Storm-battered residents face more floods to come with further downpours forecast

River levels still ‘exceptionally high' across North, Midlands and Wales, says Environment Agency

Cars abandoned in Cheshire village of Lymm
Cars abandoned in Cheshire village of Lymm

Storm-battered communities are facing the prospects of more floods next week with torrential downpours forecast once again.

Hundreds of residents across the north west of England and north of Wales have been evacuated from homes over the last three days amid fears of deluge brought by Storm Christoph.

Scores of properties – mainly in Cheshire and Neath Port Talbot – were left under water. Residents in one hard-hit village, Lymm near Warrington, told The Independent how water had poured into their homes “relentlessly” after the River Bollin burst its banks and drains failed.

Now, those same communities are being warned they may face more problems when heavy rains return.

Other areas, including along large swathes of the River Severn in Worcestershire and the River Don in South Yorkshire, have been told they could also face flooding.

The Environment Agency has warned of "exceptionally high river levels" and said more rain – either this weekend or more likely next week – could easily lead to overtopping.

As of Saturday morning, 105 flood warnings were in place – including one severe warning in the Cheshire village of Farndon. Another 103 flood also remain active.

On a visit to nearby Northwich on Friday, environment secretary George Eustice said authorities were "watching closely" as water moves through the river system.

He told reporters: "The thing that concerns us most is that late next week we are expecting more rainfall, that falls on wet, soggy ground. It is possible that we therefore could have some additional challenges in a week's time."

To complicate matters further, a yellow weather warning for snow and ice has been activated across much of the UK until shortly before midday on Saturday.

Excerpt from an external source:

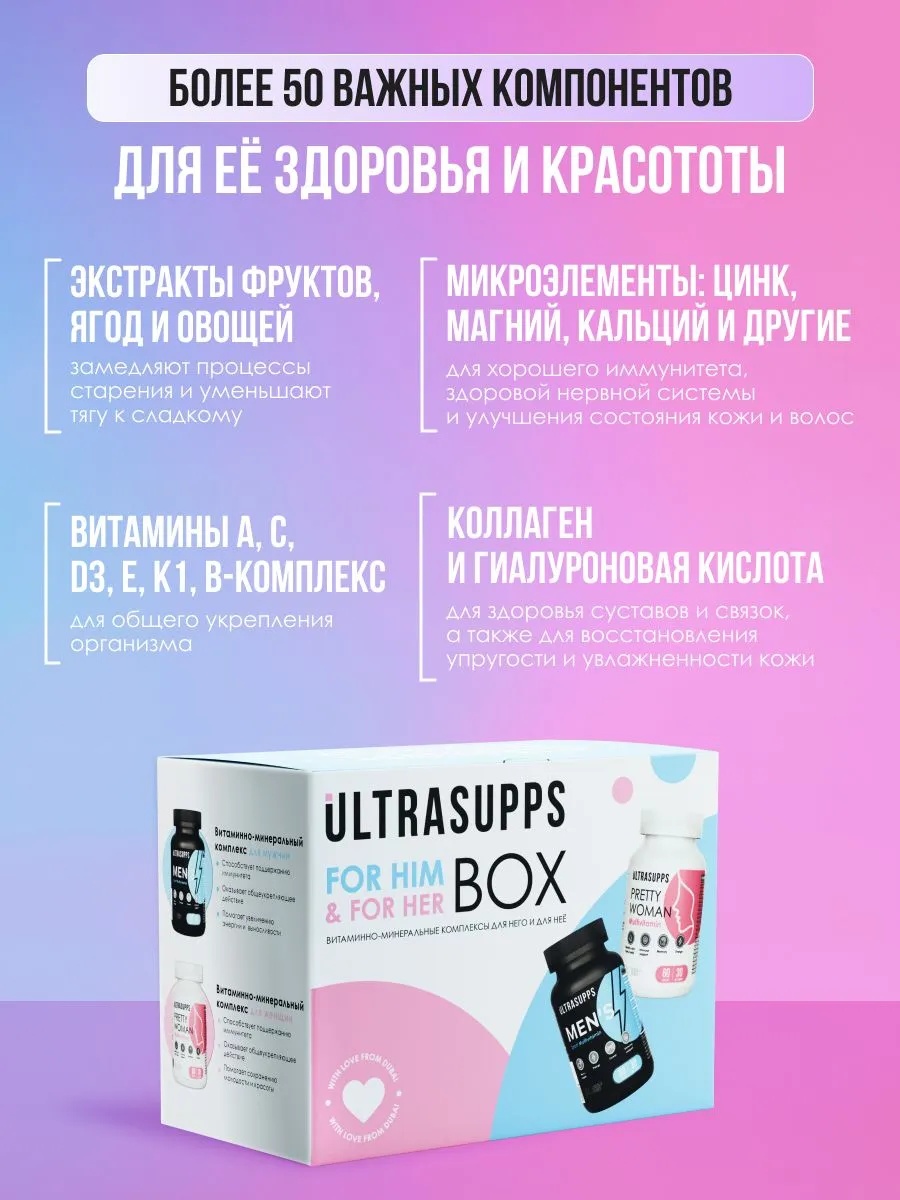 ULTRASUPPS набор / Ультрасаппс / Ultrasupps For Him & For Her Box / Pretty Women Multivitamin 60 и Men's Sport Multivitamin 60/ Витаминно-минеральный комплекс для него и для неё

Steve Willington, the Met Office’s chief forecaster, said cold air from Iceland and the Arctic was bringing a "a mix of wintry hazards across the UK".

He said: "In clearer conditions, overnight ice will remain a hazard, while a band of snow is likely to bring falls of 1-3cm quite widely across central areas of the UK, particularly the Cotswolds and higher ground in the East Midlands on Sunday.

"But snow outside these areas is also a potential hazard."